Wait! Have you read Part I yet? Check it out, then come on back.
Putting text embeddings to work
Using the updated text embeddings endpoint in Rosette API 1.5, you’ll notice significant accuracy improvements on longer strings of text, both sentences and documents. We’ve also begun to incorporate text embeddings into some of our higher level natural language processing tasks, including name matching, categorization, and relationship extraction. In this post we discuss some of the nuances behind text embeddings, look at a real world use case, and provide some resources for further exploration.
Different tasks, different text embeddings
Different natural language processing tasks require different vector representations. For part-of-speech tagging, you probably want your word embeddings to prioritize morphological or syntactic associations between words: nouns with nouns, adjectives with adjectives etc. However, for a categorization task, you might want your embeddings to prioritize semantic similarity: “kangaroo” with “marsupial,” “voted” with “election.” Semantic text embedding models can also help train statistical classifiers, particularly neural networks. After assigning vectors to a collection of documents, each vector is labeled with a category. With this training data prepared, you can train a neural network to predict the category of a new document based on its vector.
Our text embeddings are particularly helpful for semantic tasks like document categorization, clustering, and similarity assessment. We may add other embedding types in the future, but if you’ve got something particular in mind, contact us about on-premises solutions and domain-specific customization.
Comparing vector representations
The classic use case for text embeddings is document similarity assessment. When calculated correctly, text vectors with close proximity indicate similar document content. However, how do you know that two vectors are similar when you’re working in several hundred dimensions? It depends, but suffice to say that for our models, we endorse the cosine method.

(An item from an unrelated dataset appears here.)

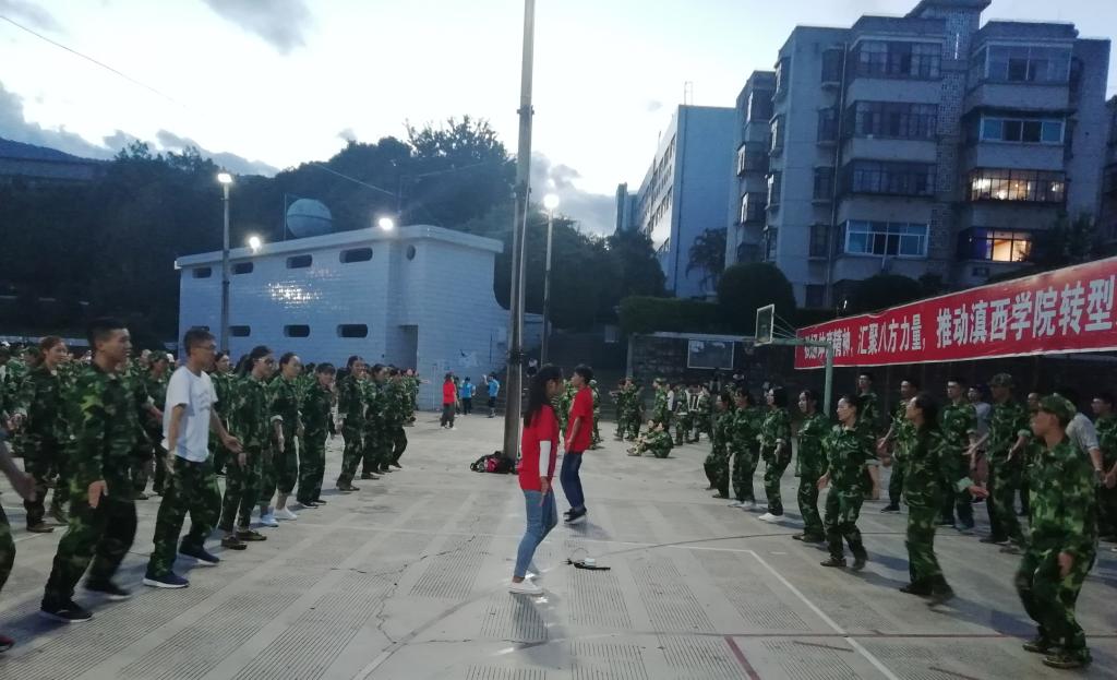 数理学院18级新生民族舞课间操教学活动于9月9日晚上在灯光球场展开,本次教学活动由我院11名舞蹈教官指导,团总支学生会负责人协助指导。

In addition to categorization, we also use text embeddings in our cross-lingual name matching software. Matching names is a challenging problem, especially when you start dealing with locations and organizations. Take the “University of Massachusetts.” Massachusetts is a traditional name, safe to transliterate for matching in other languages. Transliteration, the phonetic or orthographic conversion of a word from one language to another, deals with sounds, not meaning. For example, the Japanese (phonetic) transliteration of “Massachusetts” is マサチューセツ or “Masachuuusetsu.” “University,” however is more complicated. As a standard dictionary word, it should be matched by translation, or conversion based on meaning. The Japanese word for university is 大学 (pronounced daigaku), thus the translation of the complete school name should be “Masachuusetsu Daigaku”. Our name matching software knows that when it encounters a dictionary word, it should use text embeddings to rank the similarity of potential name matches in the target language, ensuring that our users find the information they need.

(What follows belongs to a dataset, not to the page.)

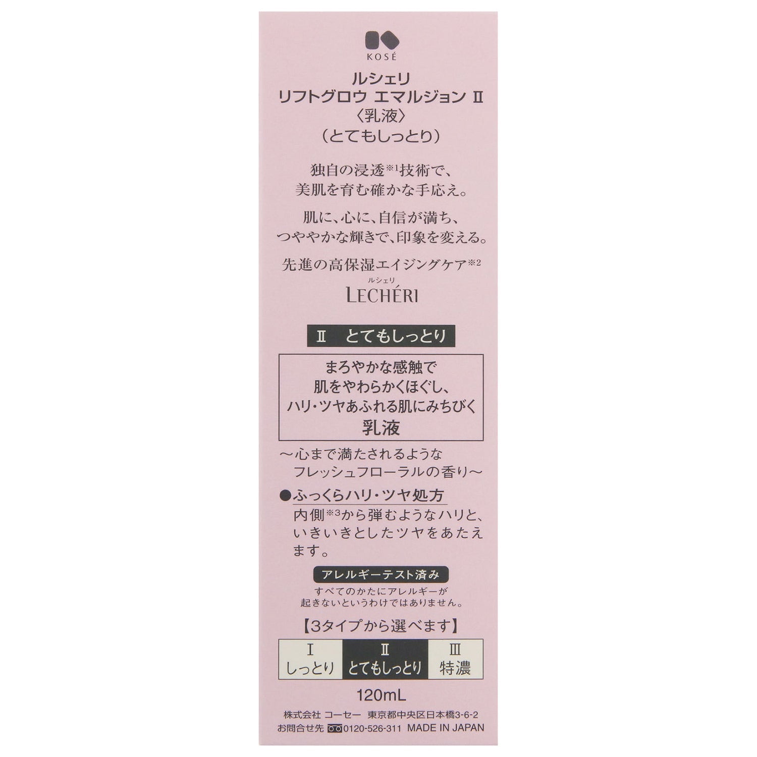 ルシェリ リフトグロウ エマルジョン 2 (乳液) (とてもしっとり) 120mL : ふっくら立体的なハリ、ツヤ肌へ。

Want to explore more? We’ve got resources. If you’re looking to create your own document similarity analyzer, we have some some sample python code to get you started. We’ve also created a new Python script that allows you to visualize Rosette’s text embeddings of the BBC News Corpus in Google’s TensorFlow projector. The script parses the raw text files into a list of documents. Each document consists of three fields: category, headline, and content. The script then creates two files which can be imported into the TensorFlow project:
- embeddings.tsv: a .tsv file with one text vector for each document
- metadata.tsv: another .tsv file containing the the metadata (category and headline) for each document
We’ve gone ahead and loaded the data into the TensorFlow projector, and the results are pretty darn cool:
In this screenshot, we’ve color coded the vectors by category, and you can see that they are nicely separated into discrete areas of the projection. You can use the mouse tools to rotate, zoom, and filter the visualization. Click on an individual embedding to isolate the closest related articles. In the screenshot below we’ve selected the embedding for an article entitled “Mobiles ‘not media players yet.’” Notice that the nearby vectors are primarily also in the “tech” category and focus on mobile phones.
Keep in mind that the vector clustering is based on the body of the articles, not their headlines, but you can still get a good sense of how Rosette’s text embeddings map related content in vector space through this projection.